Look to the Lord

Hello brothers and sisters~

Do you ever struggle with sleep due to anxiety? For example, maybe you’re trying to fall asleep, but your mind has gone down the path of thinking about what is “on your plate” in the days ahead or past. Perhaps it’s an important responsibility you have at work, maybe a difficult conversation you need to have or have had with your spouse or close friend or family member, or perhaps there is some other burden weighing on you—the bottom line is that whatever it is, it is consuming your thoughts and even has your stomach churning in knots causing you to lose sleep.

This is tough, isn’t it? Not only is the anxiety tough, but then you consider that you’re going to be short on sleep and that makes you even more worked up, knowing you need good rest to face the day ahead. What a vicious cycle! I know, because I’m speaking from personal experience. Sometimes this happens while I’m first trying to go to sleep, and other times this happens very early in the morning. Either way, I find myself getting wrapped up in things that, at present, that I have no ability to practically address. And of course, this type of thing doesn’t just happen at night does it? Anxieties can grip us any time of the day.

Two Sundays ago, I addressed this issue of anxiety. I did so because Jesus did in Matthew 6:25-24. After challenging us to only treasure God in the verses prior (19-24), here he says we must also cast off anxiety by trusting God. After all, as Christians God is our heavenly Father who greatly cares for us. Yes, he takes care of birds and lilies, but he cares so much more for his image-bearers—especially those who are His children through faith in Christ.

This doesn’t mean God exists for our “wealth” or “best life,” as prosperity teachers of our day wrongly dupe people to believe. No, he looks to meet our necessities—and of course even then his definition of what we need may differ from ours. But make no mistake, God loves his children and is fully worthy of our trust in Him. When beginning to give in to our anxieties, we should instead turn our thoughts and prayers to God, the Provider and Sustainer of our lives.

That’s plenty of review from the sermon.
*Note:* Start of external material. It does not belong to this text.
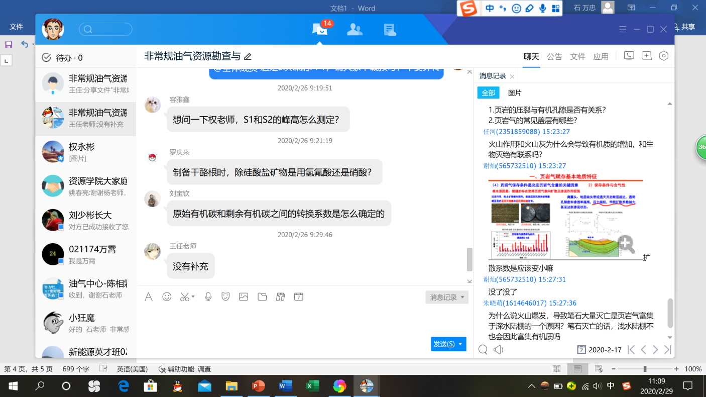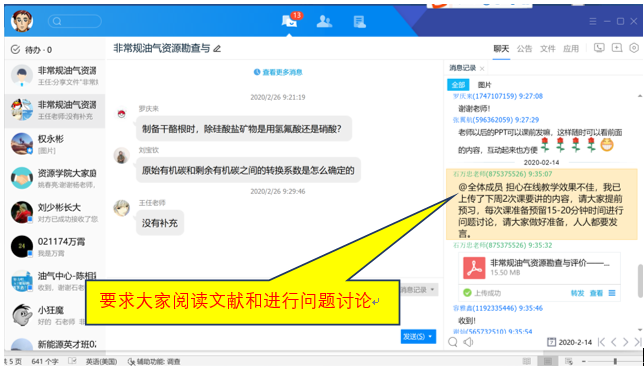 本课程由石万忠、李水福2位教师承担,石万忠教授课程总负责,并安排新进教师王任、权永彬助课。课程采取腾讯TIM视频授课。由于这门课程为新开课程,缺少教材,为此从网上下载并优选了40篇文章发给同学们进行阅读,通过和他们讨论文章内容来督促同学们阅读文献。为了提高学习效率,课前把讲课PPT发给同学们提前预习,课后留15分钟左右进行问题讨论

If I keep going, I might give you the temptation for more anxiety! ☺ Instead, I want to focus on the last verse of this section: “Therefore do not be anxious about tomorrow, for tomorrow will be anxious for itself. Sufficient for the day is its own trouble” (v.34).

This closing verse on anxiety from our Lord has a different feel to it, doesn’t it? It’s less theological and more pragmatic than the previous verses. You might even say it’s a tad pessimistic, or at least more realistic. Why is this? Because it is frank about the “trouble” that each day we live presents us with: “Sufficient for the day is its own trouble.”
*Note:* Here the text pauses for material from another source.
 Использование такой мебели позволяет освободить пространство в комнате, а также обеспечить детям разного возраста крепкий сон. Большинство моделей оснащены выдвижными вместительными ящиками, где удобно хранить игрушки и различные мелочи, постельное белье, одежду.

Every one of you reading this (and myself as well) feel the reality of this “trouble.” In fact, it’s the “trouble” of our daily lives that often feeds our anxiety. The sleep that we lose centers around the thought of today or tomorrow’s troubles. But here’s where our Lord stoops down and gives us additional help to meet us in our weakness. He reminds us that getting wrapped up in tomorrow’s temptations to worry only doubles up your worries for today. And I tell you what, if we take even just today’s troubles in our own strength without looking to the Lord, we will be buried—let alone adding tomorrow’s as well. So why take on tomorrow’s, too?

Now this doesn’t preclude times where you have to plan for what you’ll do tomorrow (or the next day). Certainly we make plans and do what we can to do prepare for tomorrow. But on the other hand, we can’t live tomorrow today. And God’s grace for tomorrow will only be given to us—surprise, surprise—tomorrow!

SO beloved, let us live our daily lives truly in the present day we’re living. Don’t succumb to anxiety for things you can’t control (whether they’re tomorrow or today). Yes, if you have something you’re responsible for doing in front of you, do it relying on the Lord’s help (see 1 Peter 4:11). This is not a call to passivity! It is a call to faith in the Lord—to going forward with each day’s “troubles” looking to Him for the grace, wisdom, and skill needed.

If the stress that’s mounting inside of you is outside of your ability to remedy, then look to the Lord in prayer. As Peter speaks of in His first letter, “Cast your cares upon Him for He cares for you” (1 Peter 5:7, also Phil. 4:4-7). And after you’ve done that? Go to sleep! After all, the One who is in control of all things and able to do all things according to His good character and His wise plans is not sleeping! He who watches over you will never slumber nor sleep (see Ps. 121:4). And He is worthy of our trust.